Reproduce the listing that follows character for character, excluding its pictures.

* [Given information]:
_ _ _ _
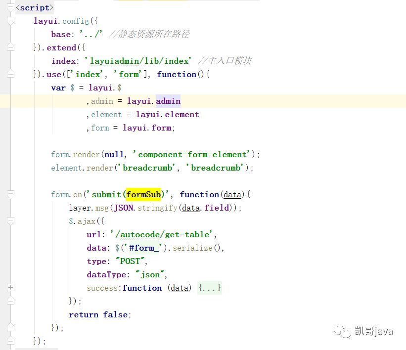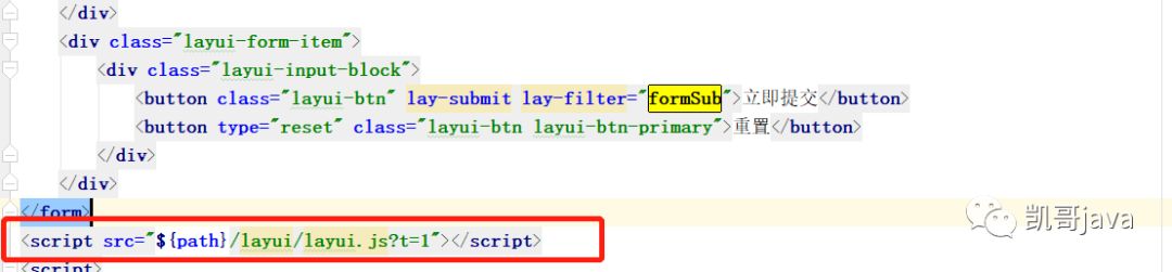 这里的form.on('submit(formSub)', function(data)里面submit(提交按钮lay-filter的值)
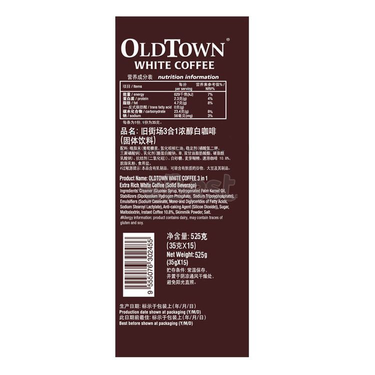 Old Street White Coffee 3-in-1 Extra Strong Flavor 525g (15 Sachets)
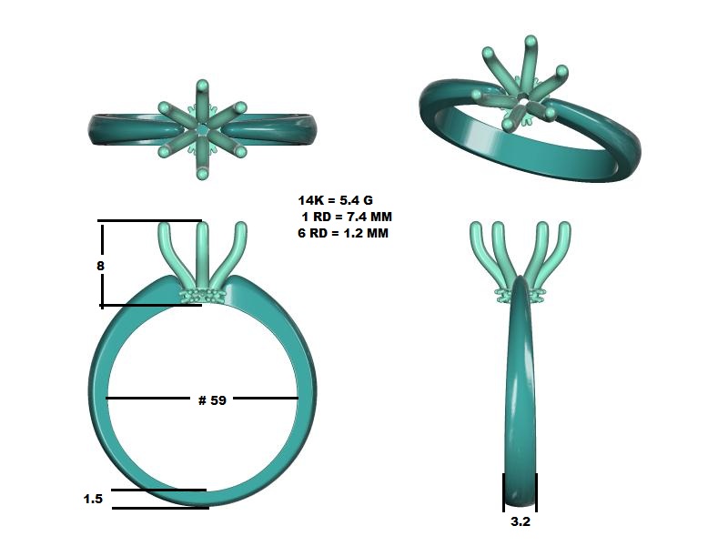 יהלום מרכזי 7.4 ממ
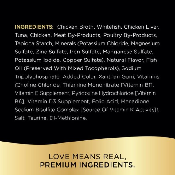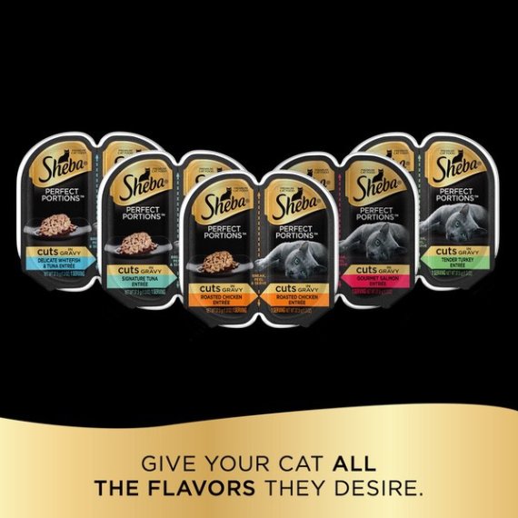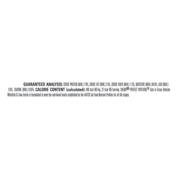 Details Ingredients Chicken Broth, Whitefish, Chicken Liver, Tuna, Chicken, Meat By-Products, Poultry By-Products, Tapioca Starch, Minerals (Potassium Chloride, Magnesium Sulfate, Zinc Sulfate, Iron Sulfate, Manganese Sulfate, Potassium Iodide, Copper Sulfate), Natural Flavor, Fish Oil (Preserved with Mixed Tocopherols), Sodium Tripolyphosphate, added Color, Xanthan Gum, Vitamins (Choline Chloride, Thiamine Mononitrate [Vitamin B1], Vitamin E Supplement, Pyridoxine Hydrochloride, [Vitamin B6], Vitamin D3 Supplement, Folic Acid, Menadione Sodium Bisulfite Complex [Source Of Vitamin K Activity]), Salt, Taurine, Dl-Methionine. Show more Product features Your cat knows what they want, and knows how to get it. Give them SHEBA Wet Cat Food. Each SHEBA Cuts in Gravy recipe is made with real protein, essential vitamins, and minerals, so it’s as nutritious as it is delicious. This wet cat food is made without corn and artificial flavors or preservatives; and since it’s so delectable and easy to chew, your cat will devour every tasty bite. SHEBA PERFECT PORTIONS Cuts in Gravy Wet Cat Food offers two convenient servings in right-sized trays to ensure freshness without leftovers. Show your cat some love; whether your fancy feline is a kitten, adult, or senior cat, this soft wet food is sure to satisfy even the pickiest appetite. Savor every delicious moment with SHEBA Wet Cat Food: What Cats Want. Contains one (1) 2.6 oz. twin pack tray (2 servings total) of SHEBA PERFECT PORTIONS Wet Cat Food Cuts in Gravy Delicate Whitefish and Tuna Entree Made with real protein, plus essential vitamins and minerals for cat maintenance and kitten growth Delectable soft cat food made without grain - no corn, soy, or wheat Your cat will devour the delicious taste of premium SHEBA Wet Cat Food in Gravy Trays Freshness at every meal with no messy leftovers: Just snap, peel, and serve to your adult cat
_ _ _ _
* [Solved problem]:
 这里的form.on('submit(formSub)', function(data)里面submit(提交按钮lay-filter的值)
 Old Street White Coffee 3-in-1 Extra Strong Flavor 525g (15 Sachets)
 יהלום מרכזי 7.4 ממ
 Details Ingredients Chicken Broth, Whitefish, Chicken Liver, Tuna, Chicken, Meat By-Products, Poultry By-Products, Tapioca Starch, Minerals (Potassium Chloride, Magnesium Sulfate, Zinc Sulfate, Iron Sulfate, Manganese Sulfate, Potassium Iodide, Copper Sulfate), Natural Flavor, Fish Oil (Preserved with Mixed Tocopherols), Sodium Tripolyphosphate, added Color, Xanthan Gum, Vitamins (Choline Chloride, Thiamine Mononitrate [Vitamin B1], Vitamin E Supplement, Pyridoxine Hydrochloride, [Vitamin B6], Vitamin D3 Supplement, Folic Acid, Menadione Sodium Bisulfite Complex [Source Of Vitamin K Activity]), Salt, Taurine, Dl-Methionine. Show more Product features Your cat knows what they want, and knows how to get it. Give them SHEBA Wet Cat Food. Each SHEBA Cuts in Gravy recipe is made with real protein, essential vitamins, and minerals, so it’s as nutritious as it is delicious. This wet cat food is made without corn and artificial flavors or preservatives; and since it’s so delectable and easy to chew, your cat will devour every tasty bite. SHEBA PERFECT PORTIONS Cuts in Gravy Wet Cat Food offers two convenient servings in right-sized trays to ensure freshness without leftovers. Show your cat some love; whether your fancy feline is a kitten, adult, or senior cat, this soft wet food is sure to satisfy even the pickiest appetite. Savor every delicious moment with SHEBA Wet Cat Food: What Cats Want. Contains one (1) 2.6 oz. twin pack tray (2 servings total) of SHEBA PERFECT PORTIONS Wet Cat Food Cuts in Gravy Delicate Whitefish and Tuna Entree Made with real protein, plus essential vitamins and minerals for cat maintenance and kitten growth Delectable soft cat food made without grain - no corn, soy, or wheat Your cat will devour the delicious taste of premium SHEBA Wet Cat Food in Gravy Trays Freshness at every meal with no messy leftovers: Just snap, peel, and serve to your adult cat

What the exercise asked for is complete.